Output each of the entries exactly, skipping every picture they contain.
● ● ●
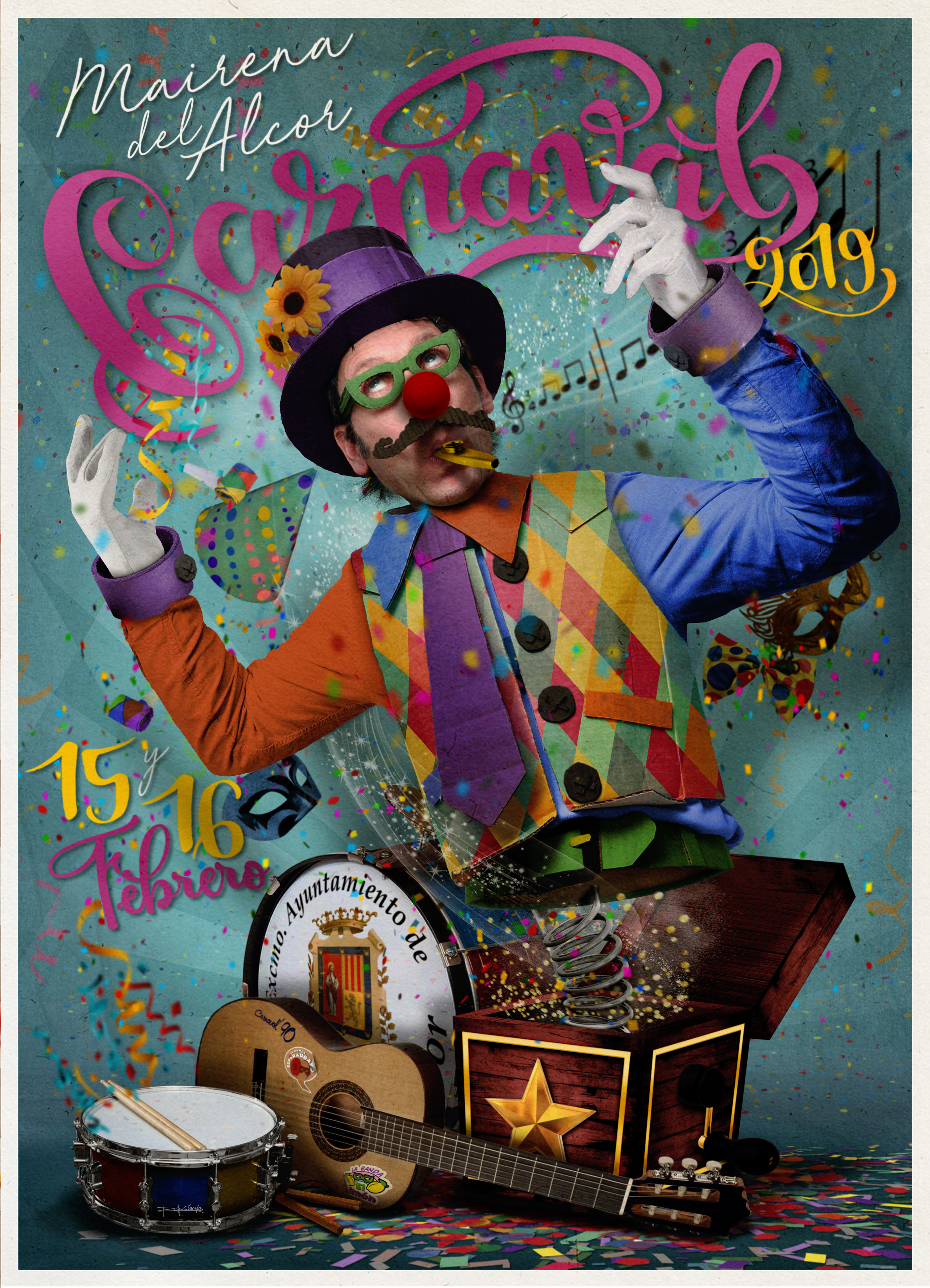 En Papel, cartón, música y color -título del cartel- “he intentado reflejar el colorido, la alegría y la importancia del disfraz o tipo, así como de la música, o 3x4 dicho en lenguaje carnavalesco. Haciéndole un guiño a aquellas agrupaciones maireneras de los 90's como 'La banda del esparadrapo' y la 'Banda el limón' que marcaron los primeros pasos de las agrupaciones en la localidad” ha explicado Alcaide.
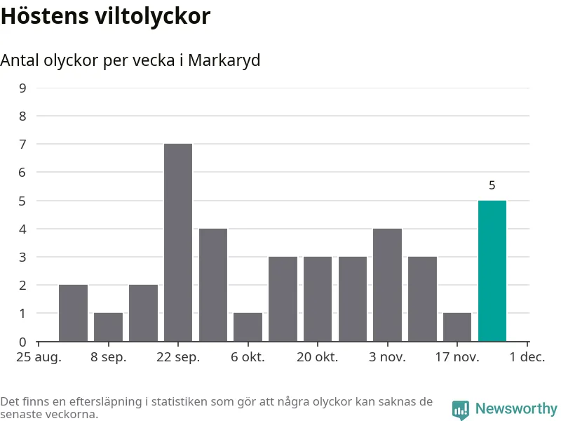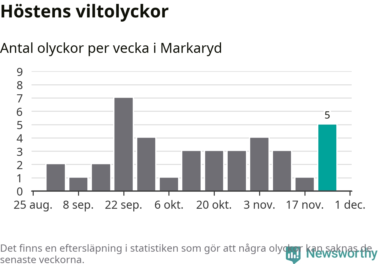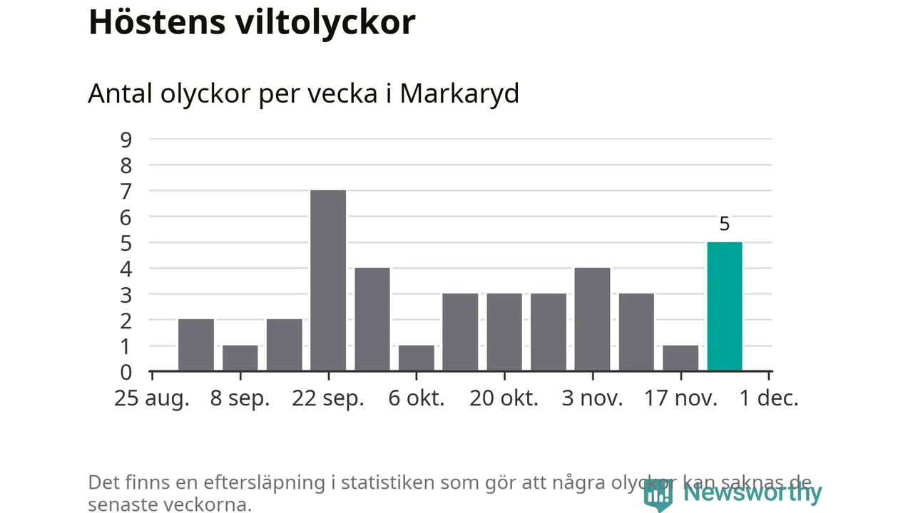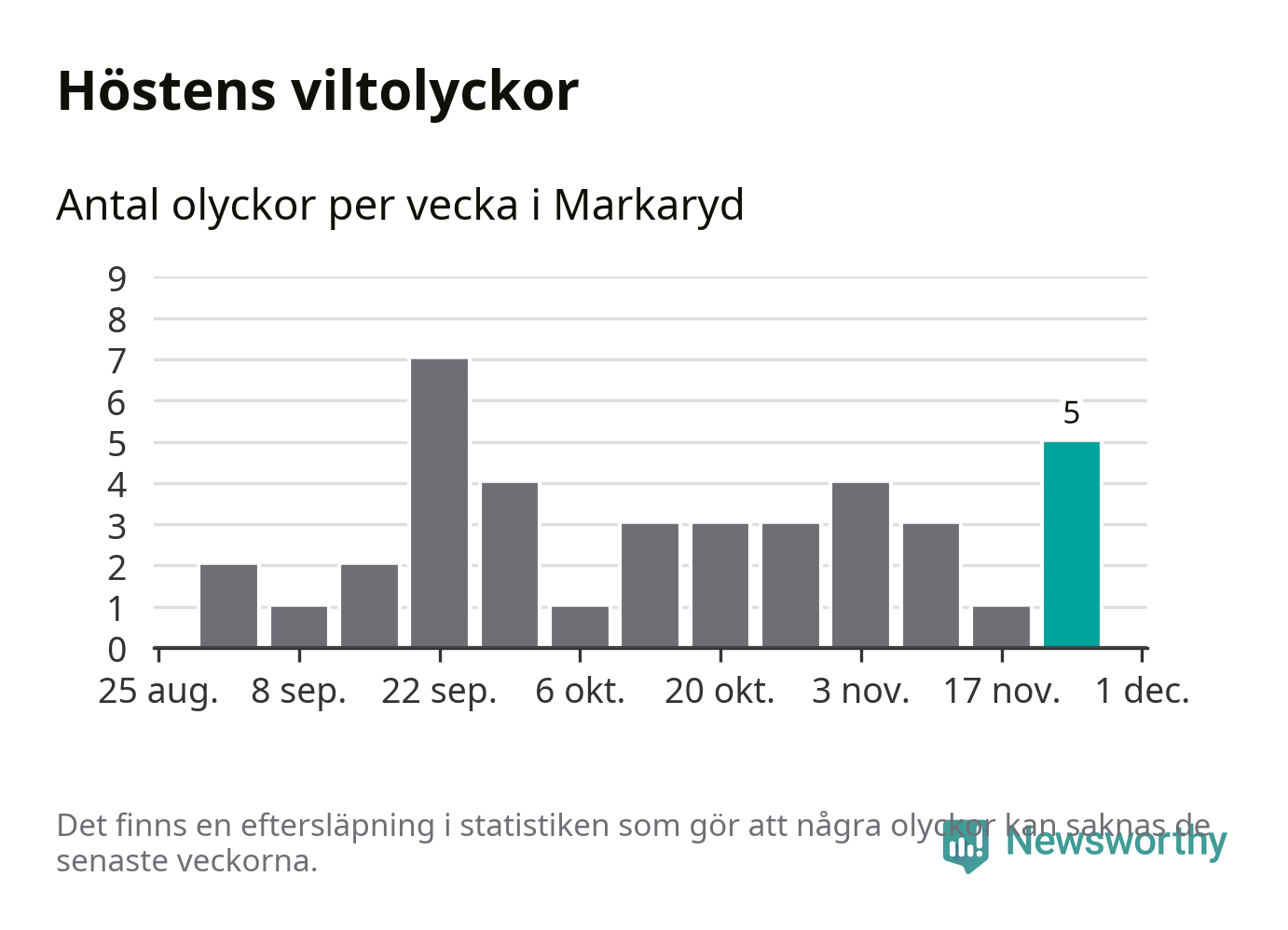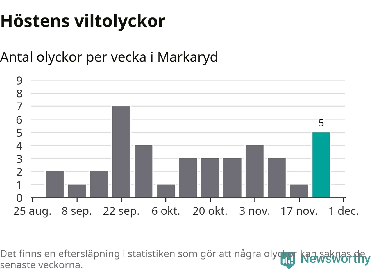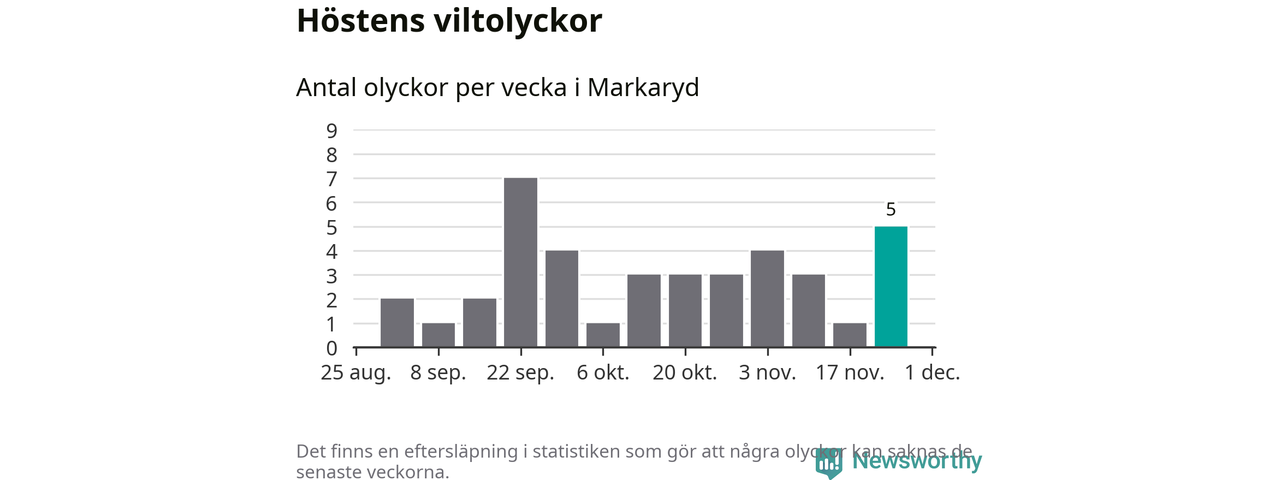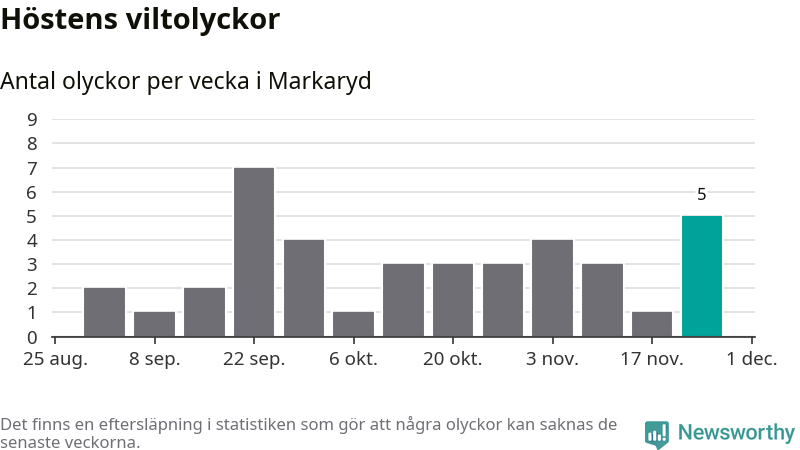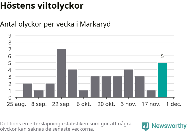 Hittills har fem viltolyckor rapporterats in i Markaryds kommun från vecka 48. Se listan här.
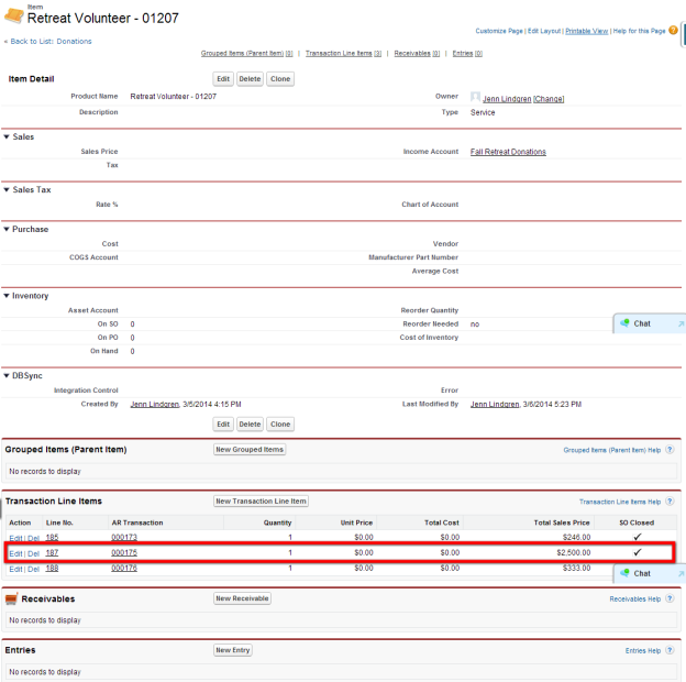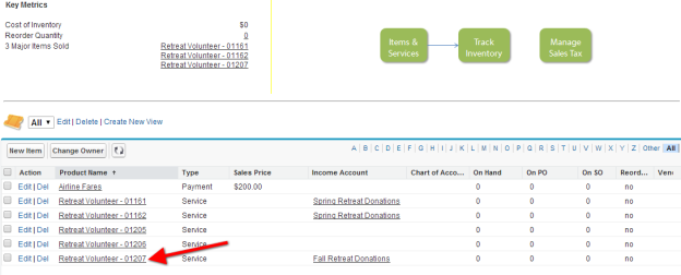 8. In the Items Object click on Retreat Volunteer – 01207 in the Product Name
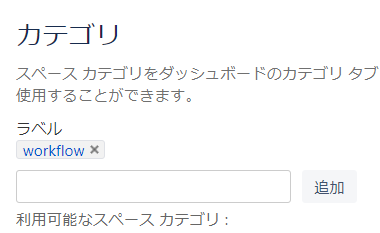 ワークフロー機能を使用するためには、ダッシュボード内の「ワークフロー」から「ワークフロー機能」を有効化する、もしくはスペースに「workflow」カテゴリ(ラベル)を設定して機能を有効化します。
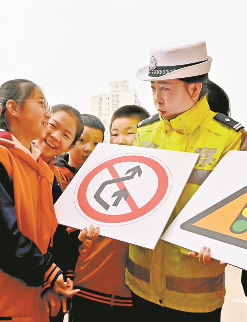 3月27日,乌鲁木齐市公安局交警支队水磨沟区大队民警向学生们讲解交通标志、标线的作用。当日,该大队在乌市第75小学开展交通安全宣传活动,深入浅出地向学生们讲解日常出行时需要注意的交通安全事项,引导学生们自觉遵守道路交通安全法规,文明出行。 石榴云/新疆法治报记者 单坤 摄
● ● ●
=== Exercise response ===
 En Papel, cartón, música y color -título del cartel- “he intentado reflejar el colorido, la alegría y la importancia del disfraz o tipo, así como de la música, o 3x4 dicho en lenguaje carnavalesco. Haciéndole un guiño a aquellas agrupaciones maireneras de los 90's como 'La banda del esparadrapo' y la 'Banda el limón' que marcaron los primeros pasos de las agrupaciones en la localidad” ha explicado Alcaide.
 Hittills har fem viltolyckor rapporterats in i Markaryds kommun från vecka 48. Se listan här.
 8. In the Items Object click on Retreat Volunteer – 01207 in the Product Name
 ワークフロー機能を使用するためには、ダッシュボード内の「ワークフロー」から「ワークフロー機能」を有効化する、もしくはスペースに「workflow」カテゴリ(ラベル)を設定して機能を有効化します。
 3月27日,乌鲁木齐市公安局交警支队水磨沟区大队民警向学生们讲解交通标志、标线的作用。当日,该大队在乌市第75小学开展交通安全宣传活动,深入浅出地向学生们讲解日常出行时需要注意的交通安全事项,引导学生们自觉遵守道路交通安全法规,文明出行。 石榴云/新疆法治报记者 单坤 摄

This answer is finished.